(Your instructions)
Without including any pictures, return the records below exactly as written.

######

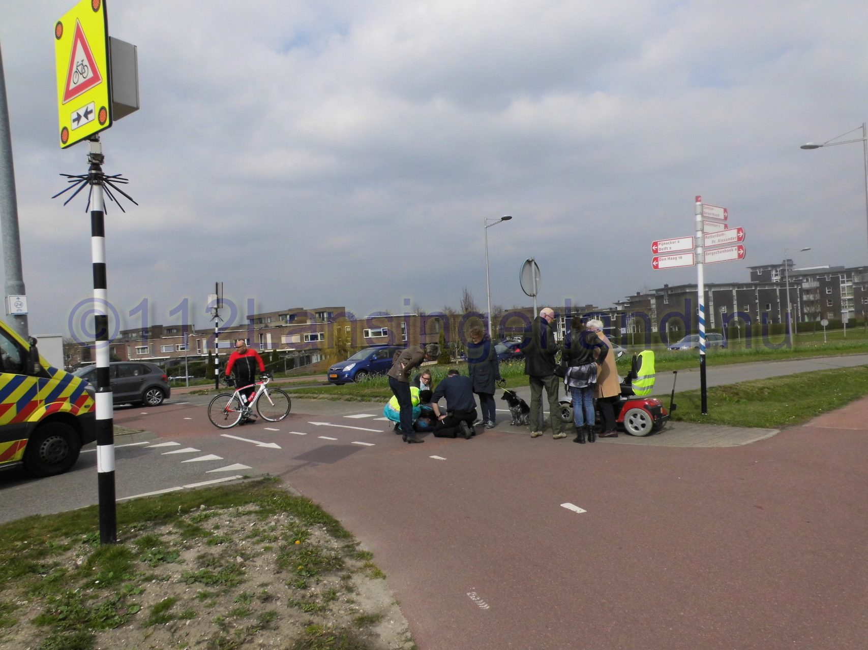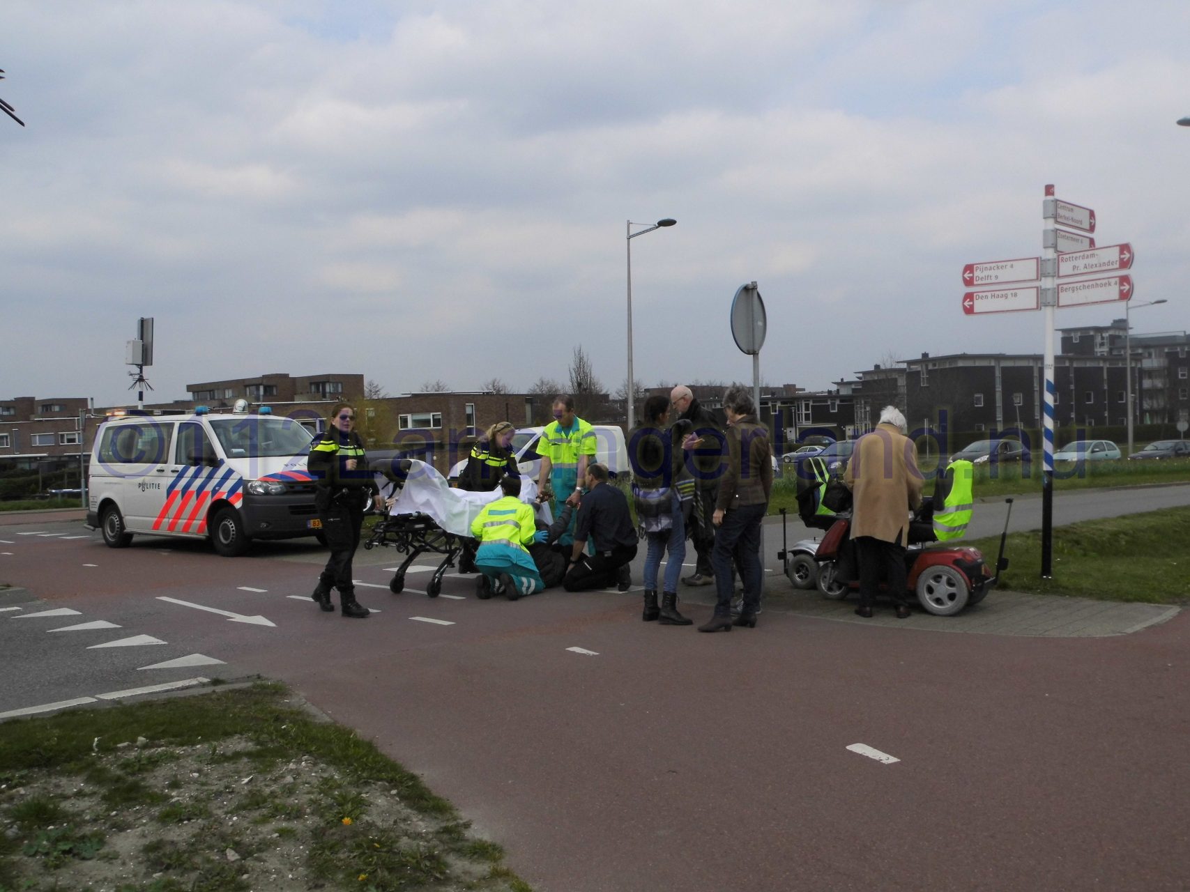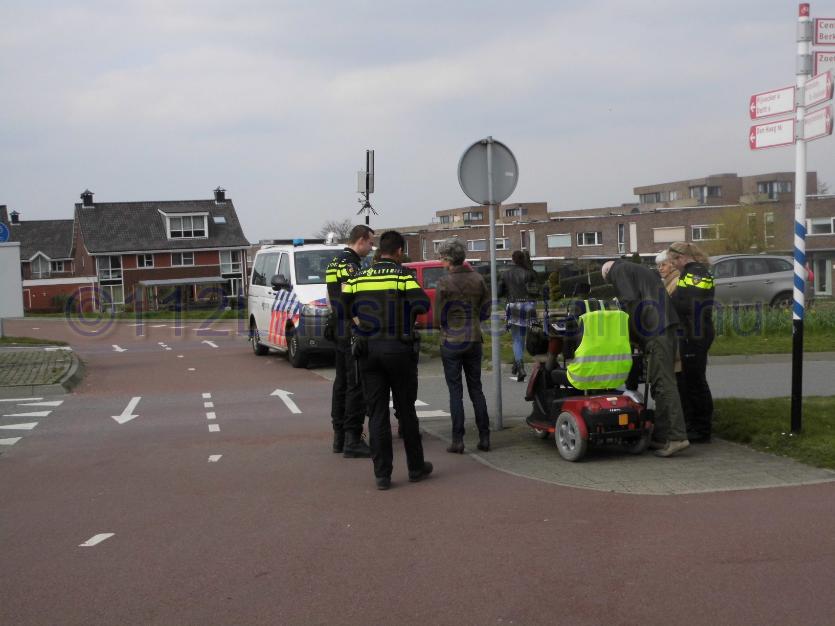 Een oudere dame is hier met haar scootmobiel aangereden door een personenauto, de vrouw is behandeld door het ambulancepersoneel. Beide voertuigen hebben lichte schade opgelopen. Het verkeer is even tijdelijk gestremd geweest om het slachtoffer te kunnen verzorgen. De politie heeft verklaringen opgenomen van een aantal getuigen.
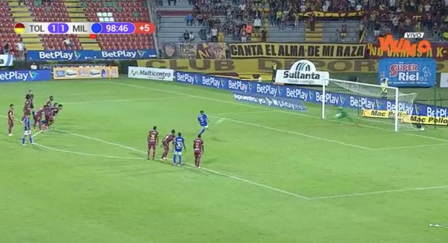 El defensa realizó el disparo, pero su remate salió por encima del horizontal, dejando escapar así la oportunidad de darle el triunfo a Millonarios en Ibagué.
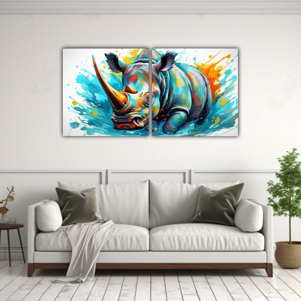 Este cuadro tonos impactantes de rinocerontes en colores vibrantes y turquesa sería ideal para decorar una sala de estar moderna Colócalo sobre un sofá gris para resaltar los colores del cuadro y crear un ambiente vibrante y elegante
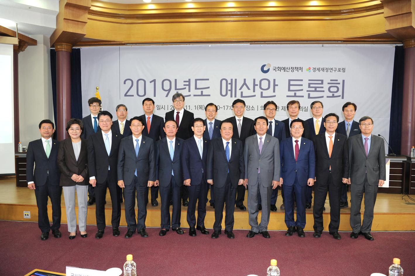 국회예산정책처(처장 김춘순)는 국회 경제재정연구포럼(공동대표 김광림·장병완 의원)과 공동으로 11월 1일(목) 오후 3시 의원회관 제1소회의실에서 「2019년도 예산안 토론회」를 개최했습니다.
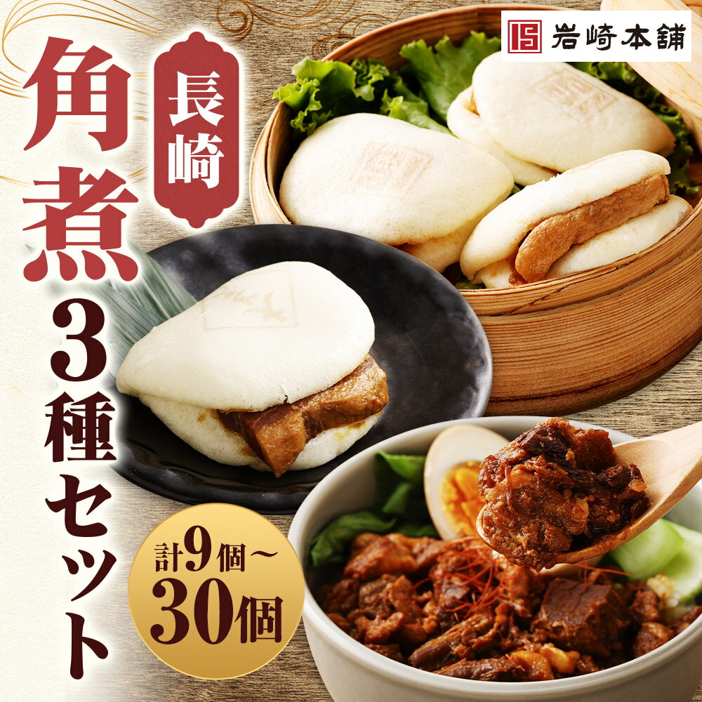 - 【ふるさと納税】【7営業日以内に発送予定】〈選べる内容量〉長崎角煮まんじゅう・大とろ角煮まんじゅう・長崎角煮まぶし 計9個/計30個 3種類 角煮まんじゅう 角煮まん 角煮まぶし 角煮 豚角煮 豚の角煮 豚肉 卓袱 卓袱料理 中華 セット 詰合せ 冷凍 長崎県 時津町 送料無料
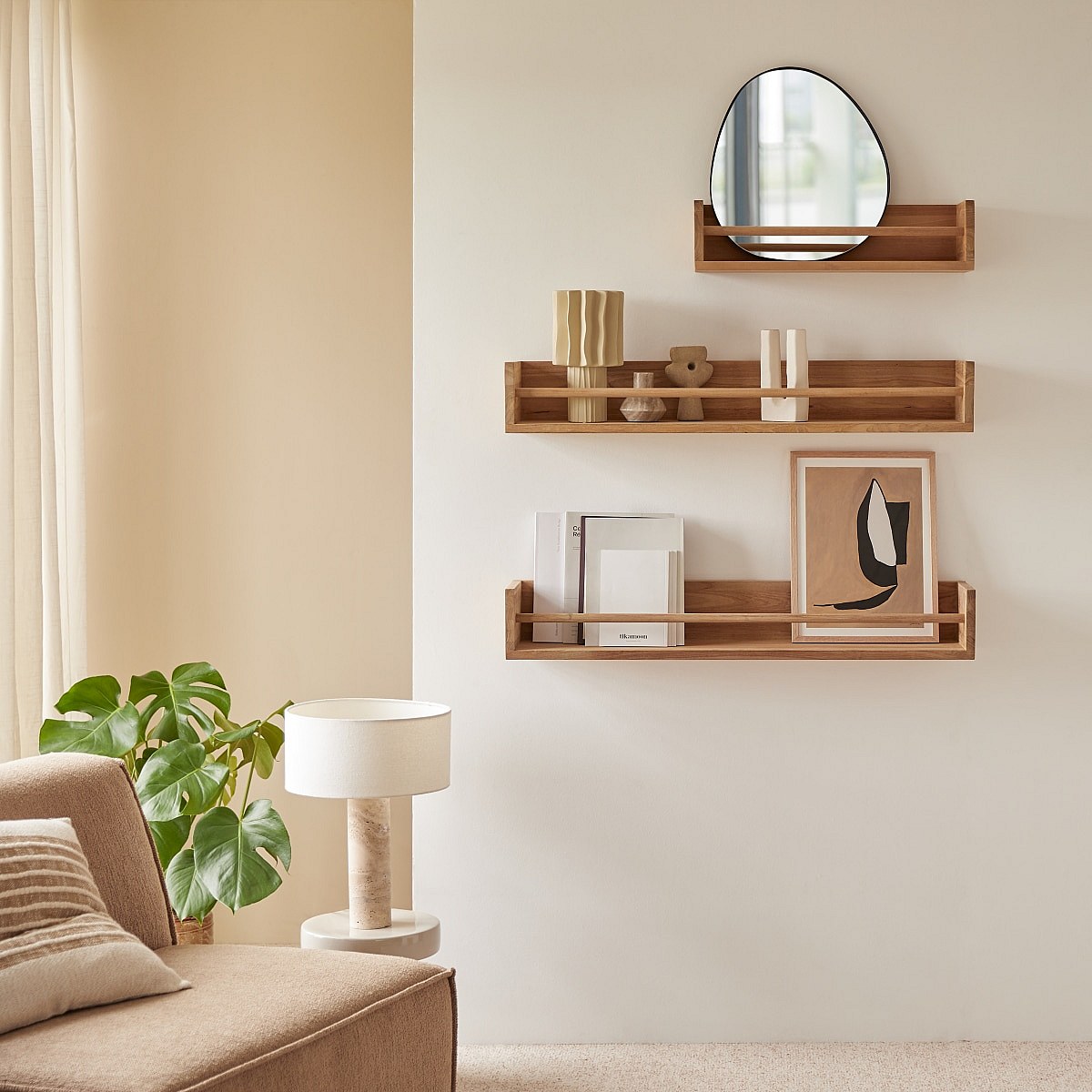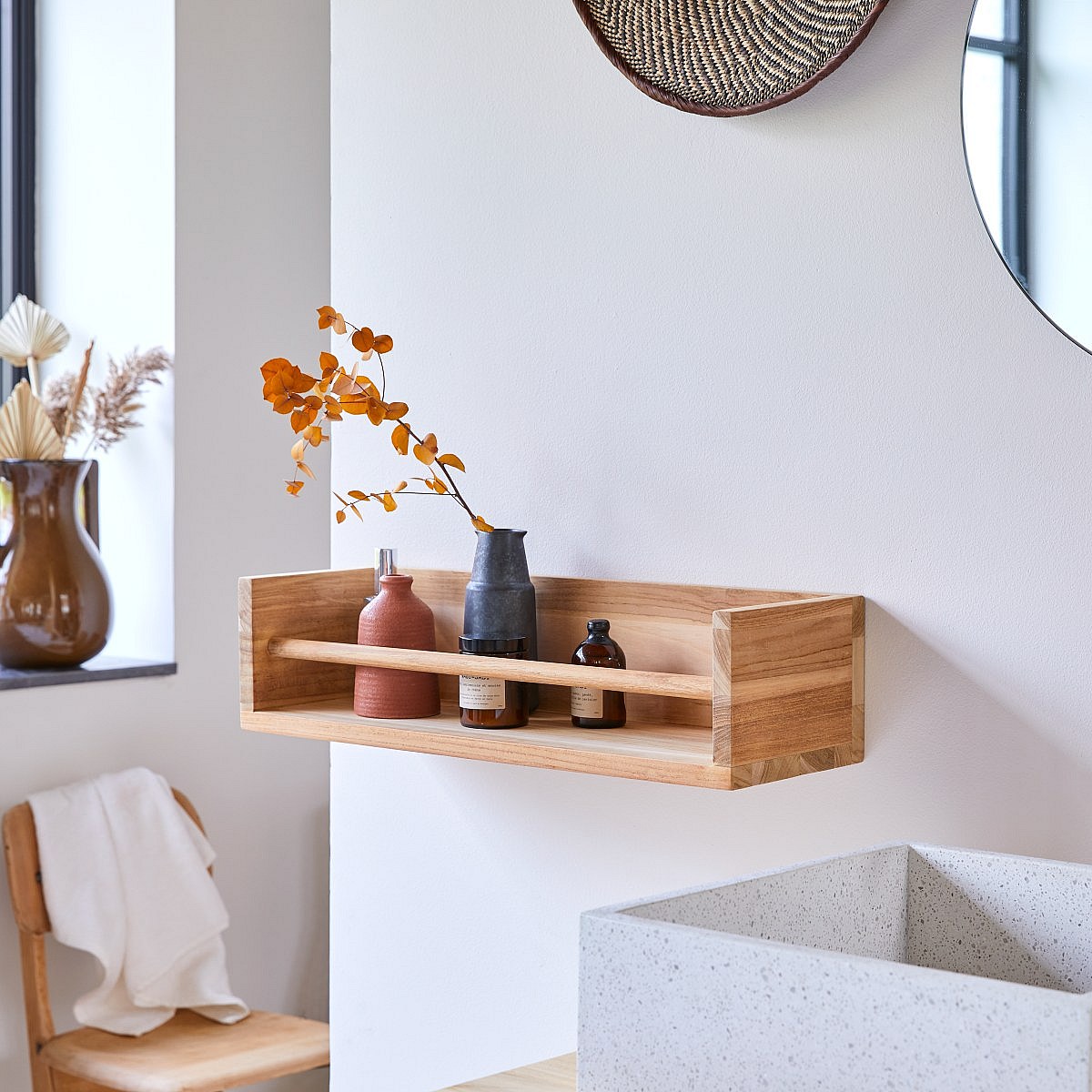 Etagère murale de Salle de Bain en bois d'acacia massif Lila 60
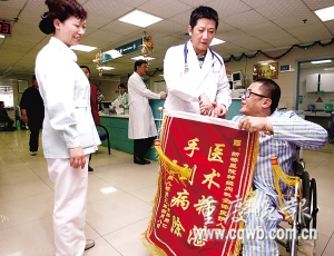 昨天,田曉偉特意將一面錦旗送給了主治醫(yī)生帥杰,以此方式對(duì)這位“球迷朋友”表達(dá)特別謝意。
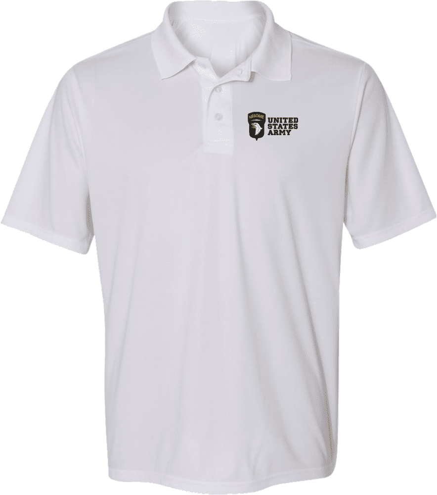 MilitaryBest is proud to offer this quality 101st Airborne Division United States Army Polo. This Polo is made using 50/50 cotton/polyester moisture wicking material.These quality Military Polos are proudly embroidered at our facilities in Scottsboro, AL. Support the Army MWR program by purchasing only from Licensed Vendors.
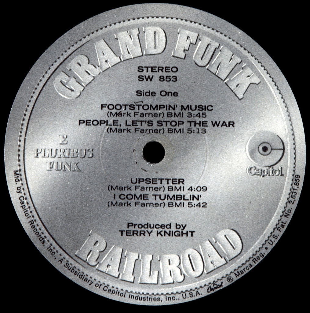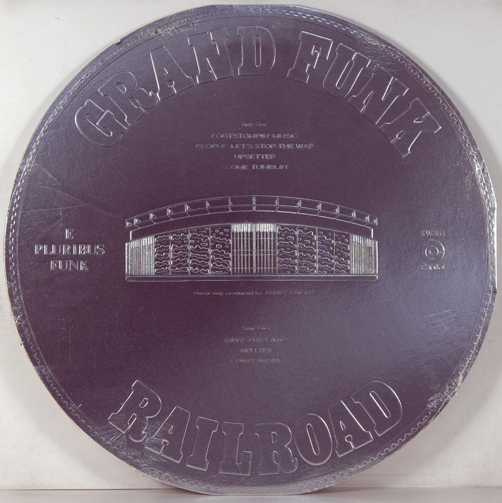 GRAND FUNK RAILROAD-E PLURIBUS FUNK-1972-ПЕРВЫЙ ПРЕСС USA-CAPITOL-SW-853. Редкий американский оригинал культового альбома . E Pluribus Funk - пятый студийный альбом американской рок-группы Grand Funk Railroad. Альбом был выпущен 15 ноября 1971 года лейблом Capitol Records. Как и предыдущие альбомы Grand Funk Railroad, он был записан в Cleveland Recording Company и является последним альбомом, спродюсированным Терри Найтом. Название представляет собой игру на девизе Соединенных Штатов Америки, E pluribus unum, и на латыни означает "Из многих, Фанк". Оригинальная выпускная крышка (дизайн Эрни Чефалу) была совершенно круглой и покрыта серебристой пленкой, напоминавшей большую монету. Задняя сторона обложки этого альбома включала в себя литое изображение стадиона Ши. Альбом был очень успешным разместившись в чартах второй десятке многих стран.
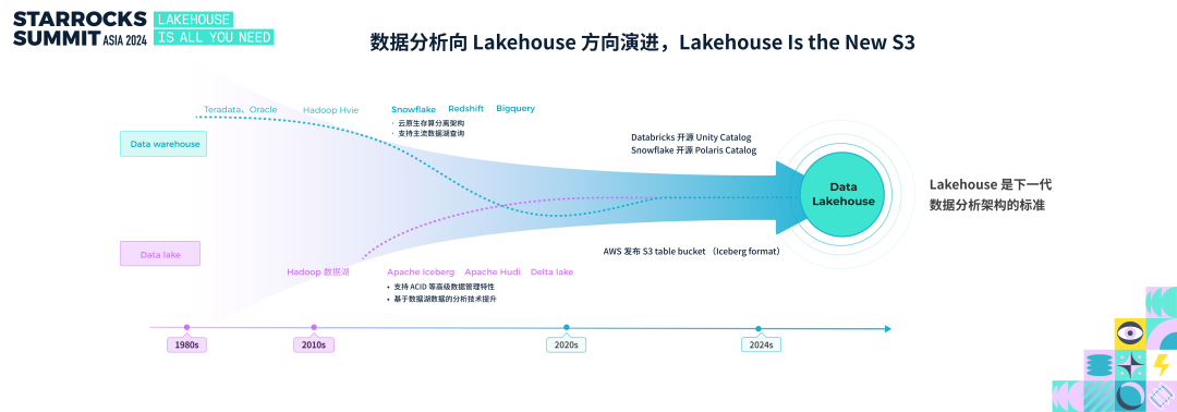 过去十多年里,分层架构得到了广泛应用。在不断发展的过程中,数据湖与数据仓库也在不断突破边界,加速了两者的融合。从数据仓库的演进来看,新兴的数据仓库(如 Snowflake、Redshift、BigQuery)普遍采用云原生的存算分离架构,并且支持直接查询开放数据湖的能力。与此同时,随着新兴数据湖格式(如 Iceberg、Hudi、Delta Lake)的发展,数据湖的事务支持能力显著提升,在性能方面,通过优化数据分布、引入缓存机制等技术,数据湖的分析性能也得到了大幅改善。2024 年,Lakehouse 的发展更是迎来了重要的里程碑:Databricks 收购 Tabular,并开源 Unity Catalog;Snowflake 开源 Polaris,争相抢占 Lakehouse 的入口。另外,就在三天前的 AWS reinvent 大会上,AWS 发布了 S3 Tablet Bucket,采用了 Iceberg 的开放格式。种种迹象表明,Lakehouse 的时代已经到来。
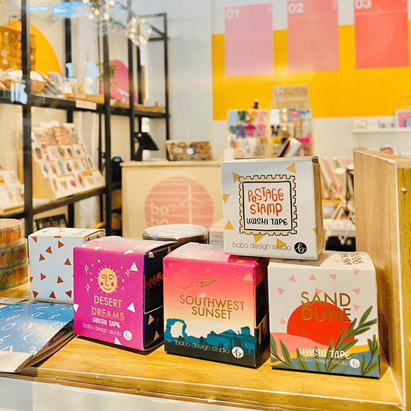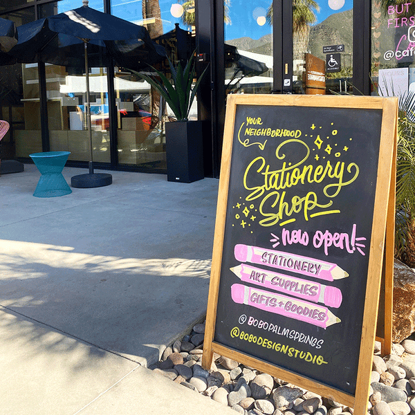 Shop our flagship store in sunny Palm Springs, CA and enjoy our collection of curated goods from bobo design studio, artisan stationery from women of color owned brands, queer owned brands, rare goods from japan, and or favorite writing tools!
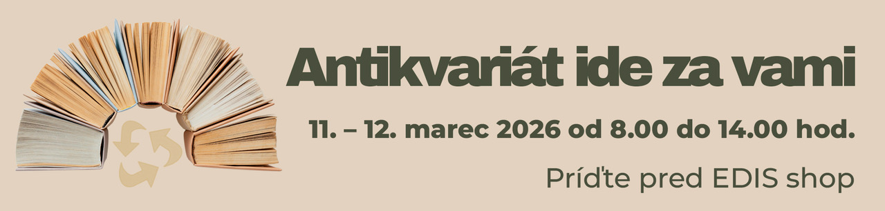 V dňoch 11.3 a 12.3. 2026 od 8:00 do 14:00 hod. príde Antikvariát za vami pred EDIS shop. Budete mať možnosť zakúpiť si za výhodné ceny už bežne nedostupné publikácie.

######

(Written answer)
 Een oudere dame is hier met haar scootmobiel aangereden door een personenauto, de vrouw is behandeld door het ambulancepersoneel. Beide voertuigen hebben lichte schade opgelopen. Het verkeer is even tijdelijk gestremd geweest om het slachtoffer te kunnen verzorgen. De politie heeft verklaringen opgenomen van een aantal getuigen.
 El defensa realizó el disparo, pero su remate salió por encima del horizontal, dejando escapar así la oportunidad de darle el triunfo a Millonarios en Ibagué.
 Este cuadro tonos impactantes de rinocerontes en colores vibrantes y turquesa sería ideal para decorar una sala de estar moderna Colócalo sobre un sofá gris para resaltar los colores del cuadro y crear un ambiente vibrante y elegante
 국회예산정책처(처장 김춘순)는 국회 경제재정연구포럼(공동대표 김광림·장병완 의원)과 공동으로 11월 1일(목) 오후 3시 의원회관 제1소회의실에서 「2019년도 예산안 토론회」를 개최했습니다.
 - 【ふるさと納税】【7営業日以内に発送予定】〈選べる内容量〉長崎角煮まんじゅう・大とろ角煮まんじゅう・長崎角煮まぶし 計9個/計30個 3種類 角煮まんじゅう 角煮まん 角煮まぶし 角煮 豚角煮 豚の角煮 豚肉 卓袱 卓袱料理 中華 セット 詰合せ 冷凍 長崎県 時津町 送料無料
 Etagère murale de Salle de Bain en bois d'acacia massif Lila 60
 昨天,田曉偉特意將一面錦旗送給了主治醫(yī)生帥杰,以此方式對(duì)這位“球迷朋友”表達(dá)特別謝意。
 MilitaryBest is proud to offer this quality 101st Airborne Division United States Army Polo. This Polo is made using 50/50 cotton/polyester moisture wicking material.These quality Military Polos are proudly embroidered at our facilities in Scottsboro, AL. Support the Army MWR program by purchasing only from Licensed Vendors.
 GRAND FUNK RAILROAD-E PLURIBUS FUNK-1972-ПЕРВЫЙ ПРЕСС USA-CAPITOL-SW-853. Редкий американский оригинал культового альбома . E Pluribus Funk - пятый студийный альбом американской рок-группы Grand Funk Railroad. Альбом был выпущен 15 ноября 1971 года лейблом Capitol Records. Как и предыдущие альбомы Grand Funk Railroad, он был записан в Cleveland Recording Company и является последним альбомом, спродюсированным Терри Найтом. Название представляет собой игру на девизе Соединенных Штатов Америки, E pluribus unum, и на латыни означает "Из многих, Фанк". Оригинальная выпускная крышка (дизайн Эрни Чефалу) была совершенно круглой и покрыта серебристой пленкой, напоминавшей большую монету. Задняя сторона обложки этого альбома включала в себя литое изображение стадиона Ши. Альбом был очень успешным разместившись в чартах второй десятке многих стран.
 过去十多年里,分层架构得到了广泛应用。在不断发展的过程中,数据湖与数据仓库也在不断突破边界,加速了两者的融合。从数据仓库的演进来看,新兴的数据仓库(如 Snowflake、Redshift、BigQuery)普遍采用云原生的存算分离架构,并且支持直接查询开放数据湖的能力。与此同时,随着新兴数据湖格式(如 Iceberg、Hudi、Delta Lake)的发展,数据湖的事务支持能力显著提升,在性能方面,通过优化数据分布、引入缓存机制等技术,数据湖的分析性能也得到了大幅改善。2024 年,Lakehouse 的发展更是迎来了重要的里程碑:Databricks 收购 Tabular,并开源 Unity Catalog;Snowflake 开源 Polaris,争相抢占 Lakehouse 的入口。另外,就在三天前的 AWS reinvent 大会上,AWS 发布了 S3 Tablet Bucket,采用了 Iceberg 的开放格式。种种迹象表明,Lakehouse 的时代已经到来。
 Shop our flagship store in sunny Palm Springs, CA and enjoy our collection of curated goods from bobo design studio, artisan stationery from women of color owned brands, queer owned brands, rare goods from japan, and or favorite writing tools!
 V dňoch 11.3 a 12.3. 2026 od 8:00 do 14:00 hod. príde Antikvariát za vami pred EDIS shop. Budete mať možnosť zakúpiť si za výhodné ceny už bežne nedostupné publikácie.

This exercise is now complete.